How to Save: Start Small and Think Big

If you’re trying to pad a savings account (or multiple savings accounts), it can be daunting and overwhelming. The first thing you need to do is figure out how much you need to save.

 

Focus on the Emergency Fund

There are plenty of people who don't have an emergency fund. In fact, nearly 30 percent of Americans don't, according to a report by NeighborWorks America. The first step type of savings you should focus on is an emergency fund.

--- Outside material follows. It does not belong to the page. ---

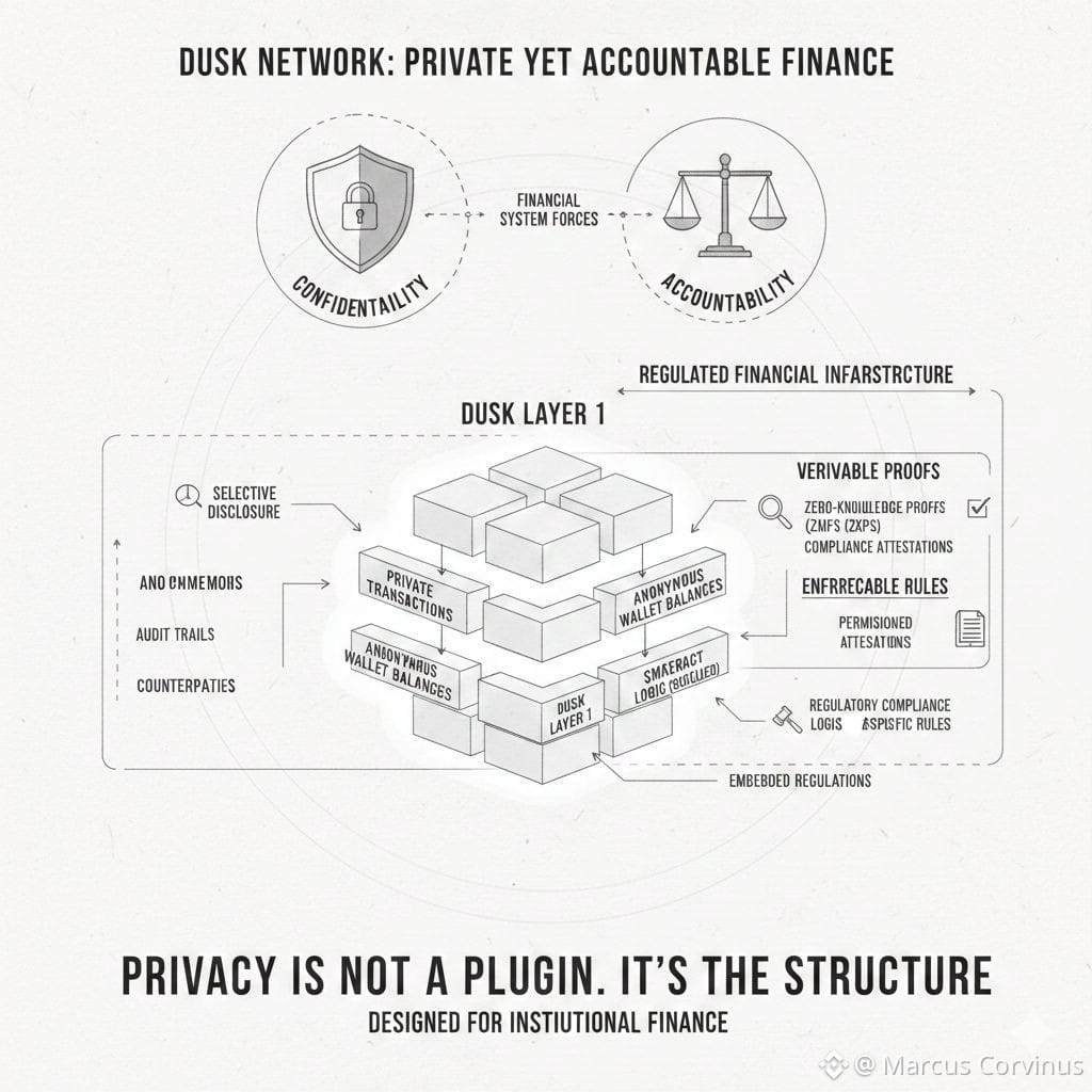 The reason this matters is simple: finance runs on two forces at the same time. Confidentiality protects counterparties, strategies, and sensitive positions. Accountability makes sure the system can be audited, regulated, and trusted. Public chains usually force a trade-off between those two. Dusk’s thesis is that you shouldn’t have to choose, and that a chain can be designed so private activity is normal, while verifiable proofs and enforceable rules still exist when the asset demands them. This is exactly the direction Dusk frames in its own documentation, where the system is presented as regulated financial infrastructure rather than a general-purpose “privacy coin narrative.”

The textbook definition of an emergency fund is an amount equal to 3 to 6 months (more or less) of your expenses. In other words, the amount you save is a multiple of the amount you spend each month.

 

Map it Out

Savings is great, but don’t save for the sake of saving. Make sure you have outlined what you’re saving for, how much it costs and how long you’ll need to save to reach your goal. This part is relatively simple. Here’s how:

Let’s say you want to save $10,000 for a short film or a used car. Now you pick a time frame. Let’s say you want to have this saved up in two years. So you take $10,000 and divide it by 24 months (12 months x 2 years). Your monthly savings goal is $416.67.

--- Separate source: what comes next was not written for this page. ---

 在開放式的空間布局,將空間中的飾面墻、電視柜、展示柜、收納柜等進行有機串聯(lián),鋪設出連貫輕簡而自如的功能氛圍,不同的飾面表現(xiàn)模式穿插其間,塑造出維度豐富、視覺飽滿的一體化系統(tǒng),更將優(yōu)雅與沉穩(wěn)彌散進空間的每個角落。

Reflect on whether or not the savings number is realistic and make adjustments accordingly. If you can’t afford to save that much, change one of the variables. The variables are the amount you need to save or the time frame you’re saving over.

 

First Get to $1,000

If the thought of saving 6 months of your expenses is too daunting, break it up into smaller goals. The first goal is save your first $1,000. The most annoying part of this is being consistent with your savings and staying disciplined. But once you get that first grand in the bank, recognize that you’ve achieved your goal. Be proud of yourself and celebrate it. It’s like watching the ball go through the hoop for the first time. It can be motivating if you are willing to view it from that perspective.

 

Save Your Windfalls

Every time you get a windfall of cash, squirrel it away in your savings account. Putting away chunks of cash is the fastest way to make gains and hit your savings goals. So if you get a tax refund, a bonus or sweet, sweet birthday cash, opt to save it rather than spend it.

 

Save Your Raises

Saving your raises is the best way to incrementally increase your savings without really feeling it. If you get a raise, keep your lifestyle the same. In other words, when you get paid more, don’t increase your expenses, instead save the difference. This also helps with retirement contributions.

 

Don’t Get Too Focused on Paying Down Debt

Yes, having debt costs money because you have to pay interest, but not having a savings can also risk you getting into more debt. If you don’t have any money saved up for an emergency and something pops up, you’ll have to borrow more money. Debt becomes a revolving door.

 

Trick Yourself

If saving feels like deprivation, try to reframe it. If you’re into games or are competitive use that to your advantage. Try to save extra when you can and celebrate it.

A lot of motivation and success in reaching your goals isn’t a result of pure grit as much as a constant reframing of your perspective to allow you to continue on the right path.

 

Fuck Up The Equation

There's a straight forward equation that will help you figure out how much you can save. It's this: Income - Expenses = Money Left Over. And the left over money can be used for whatever you want. It can be to buy all the cheeseburgers you can or to put money into a college fund for your kids or to build an emergency fund -- or maybe a combination of all of those things.

One way to increase savings is to reduce expenses. If you make enough money that you have a lot left over after your bills, then this method can work for you. Stop living outside of your means and make your aioli at home every once in a while.

There a lot of people in the other camp. The other camp being, they're barely earning enough to pay their bills. If this is you, you have to figure out how to fuck up the equation. And by fuck up the equation, I mean increase earnings. And saying those words are mad simple. Trust that I understand the growing income inequality gap and the fact that some wealth in our world was built on the backs of free labor and slaves. Trust that I understand the injustice. But the reality here and now is that you must find a way to fuck up the equation or else your goals can't be met. You can't save or invest or get out of the feedback loop. So focus intensely on this. How can you get more skills to be more valuable to justify asking for more earnings or raising your fee? As much as there is so much outside of our control, recognize that we have incredible power to alter our lives. Fuck up the equation.